Long week.

“I am a little worn out, raddled, squashed, downtrodden, shot full of holes. Mortars have mortared me to bits. I am a little crumbly, decaying, yes, yes. I am sinking and drying up a little. I am a bit scalded and scorched, yes, yes. That’s what it does to you. That’s life.” Robert Walser, “Nervous”

Yeah. Car troubles, dead computer, sick kids, battling with my insurance company, trying to make ten cents out of five. Even the good news of the week came bitterly. Not the most conducive week for “The Reader.” Book one was interesting enough, if not especially original; a teenage boy falls into love/lust with a woman in her thirties, they have a lot of sex, he does whatever she says, and then one day she vanishes. He looks for her, but no dice.

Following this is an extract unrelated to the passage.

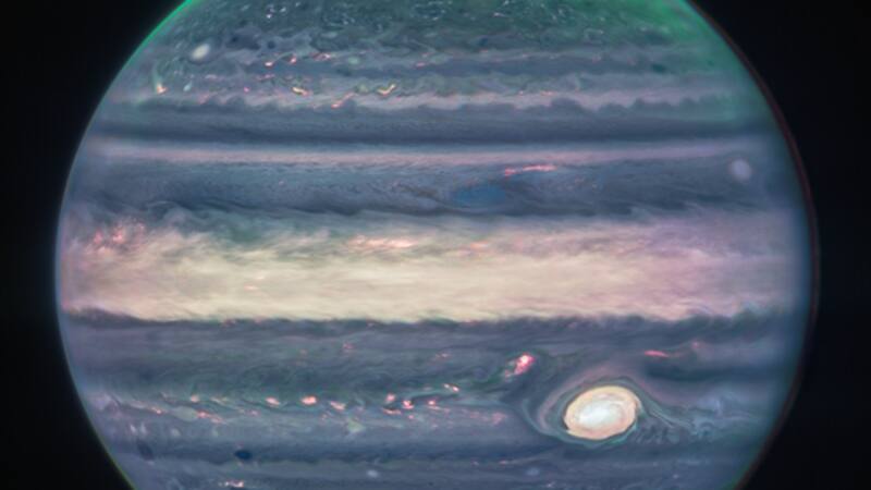 Se trata de una fotografía impresionante, en la que vemos las franjas que cruzan al planeta de forma horizontal -que corresponden a grandes masas de nubes que se mueven-, así como también podemos apreciar la clásica gran mancha roja que, en este caso, se ve blanca debido a que el JWST está observando la luz infrarroja del planeta y no la que nosotros veríamos con nuestros ojos si estuviésemos allí. Además, una de las cosas que al menos a mí me llama mucho la atención, son los hipnotizantes brillos de color anaranjado que vemos en los polos.

When part two starts, a few years later, we learn that she’s been working – as a guard? – at a concentration camp. I went from carving out a few minutes every day for reading to not reading at all. I don’t know, I just completely lost interest. Picked it up again this morning – I know I’m in a funk, and don’t want to just reject it if a little patience will pay off – but this sealed the deal: “The other main charge involved the night of the bombing that ended everything. The troops and guards had locked the prisoners, several hundred women, in a church in a village that had been abandoned by most of its inhabitants. Only a few bombs fell, possibly intended for the nearby railroad or a factory, or maybe simply released because they were left over from a raid n a larger town. One of them hit the priest’s house in which the troops and guards were sleeping. Another landed on the church steeple. First the steeple burned, then the roof; then the blazing rafters collapsed into the nave, and the pews caught fire. The heavy doors were unbudgeable. The defendants could have unlocked them. They did not, and the women locked in the church burned to death.” (p. 107) OK, fine for now, thanks! I’m not looking for Schlink to blow sunshine and bubbles up my butt, but I think I’ll pass on The Holocaust being my escape from difficult times.